Adjust the $Z$9 to correspond to the longest “assembly” row and the highest row number where “assembly” appears.  (To be safe, make it the greatest number of rows on any sheet.)  Then select this cell, drag it out to the appropriate number of columns, and then drag that down to the appropriate number of rows.

Explanation:

  • Main!$A1 gets the part number from cell A1 on the first (Main) sheet.  The A is made absolute by the $, so, even when you drag this to the right, it stays $A.  But the 1 is relative (no $), so, when you drag this down to row 2 on the “Consolidated” sheet, it becomes Main!$A2.
  • Main!$A1&"!$A$1:$Z$9" concatenates the part number, which is the name of the “part” data sheet, with the string !$A$1:$Z$9 (as adjusted for your actual dimensionality), forming a string like, for example, 17!$A$1:$Z$9.  This is a textual representation of the address range for the “part” sheet.  If any of your part numbers contain spaces (or exclamation marks), you’ll need to put the sheet name into quotes: "'"&Main!$A1&"'!$A$1:$Z$9".  If any of your part numbers contain single quotes (apostrophes), you’ll have problems.
  • INDIRECT(Main!$A1&"!$A$1:$Z$9") takes the textual representation of the address range and turns it into an actual address range.
  • COLUMN() is the column number of the current cell.  COLUMN($A$1) is 1.  So the formula COLUMN()-COLUMN($A$1)+1 works out to just COLUMN(); i.e. the current column number.
  • VLOOKUP("assembly", address range, column number, FALSE) searches the address range (data sheet) for a row (VLOOKUP refers to vertical search) that contains assembly in the first column, and returns the value from the specified column.

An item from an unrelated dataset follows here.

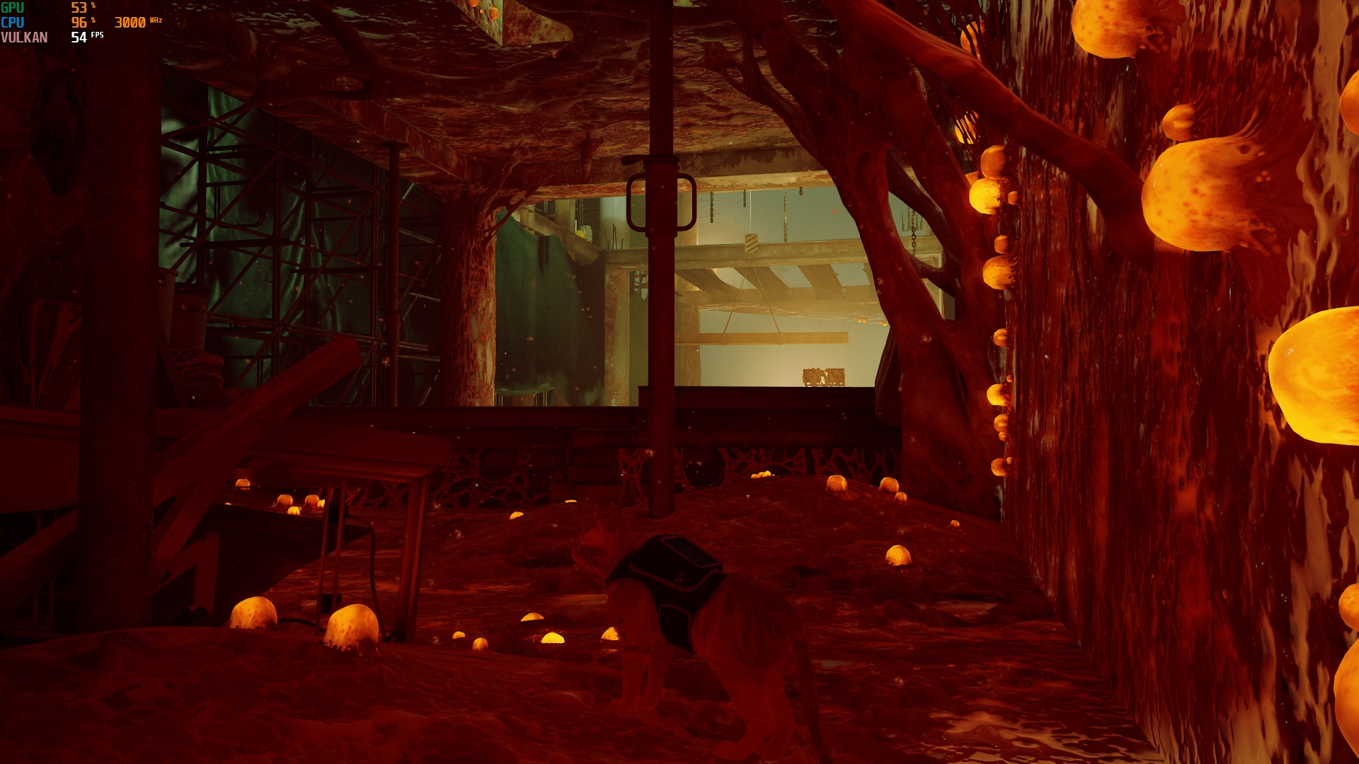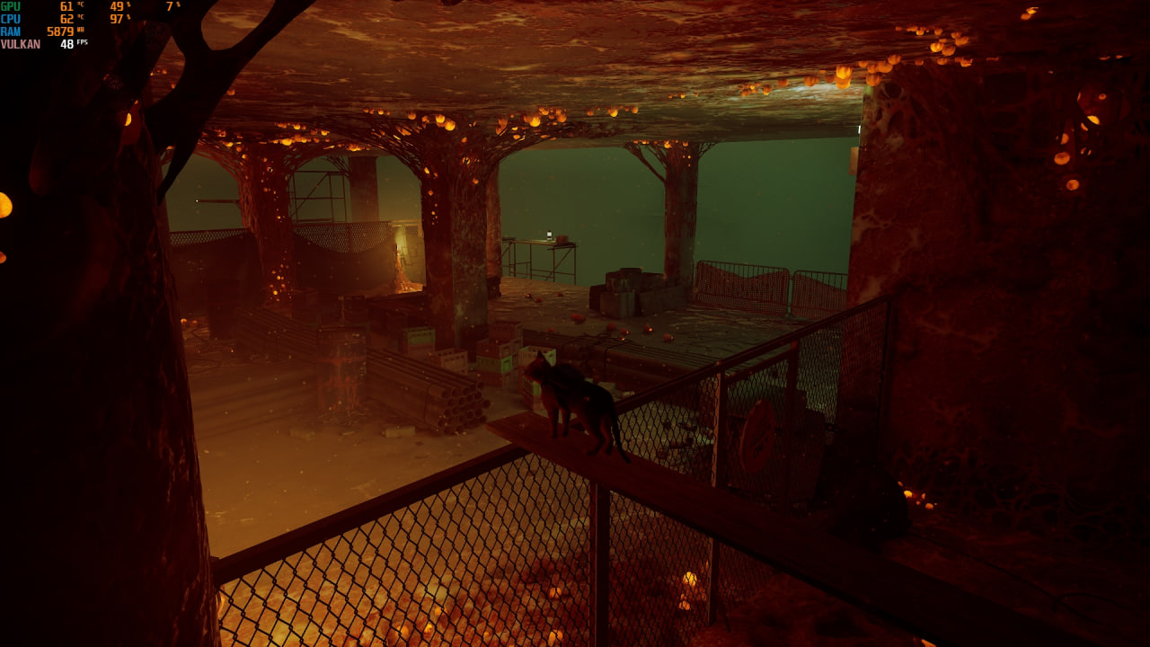 Вот один тестовый скрин, днем сделал. Stray, кто играл знает, сцена сложная пыли много летает и зурки кучами бегают. Тут да 48 фпс. Столько же +- будет на открытом мире. Установки максималки FullHD. Полный сток без разгона на шине 333 и 3.0 Ггц.

I used COLUMN($A$1) so you can insert a column to the left and have everything automagically shift.  For example, you might want to put =Main!$A1 into column 1 of the Consolidated sheet:

You’ll notice that blank cells on the parts data sheet appear as zeroes on the consolidated sheet.  If that’s a problem, see Display Blank when Referencing Blank Cell in Excel.  If your Main sheet contains part numbers that do not correspond to data sheets, you’ll get errors on your Consolidated sheet.  You can handle those with IFERROR().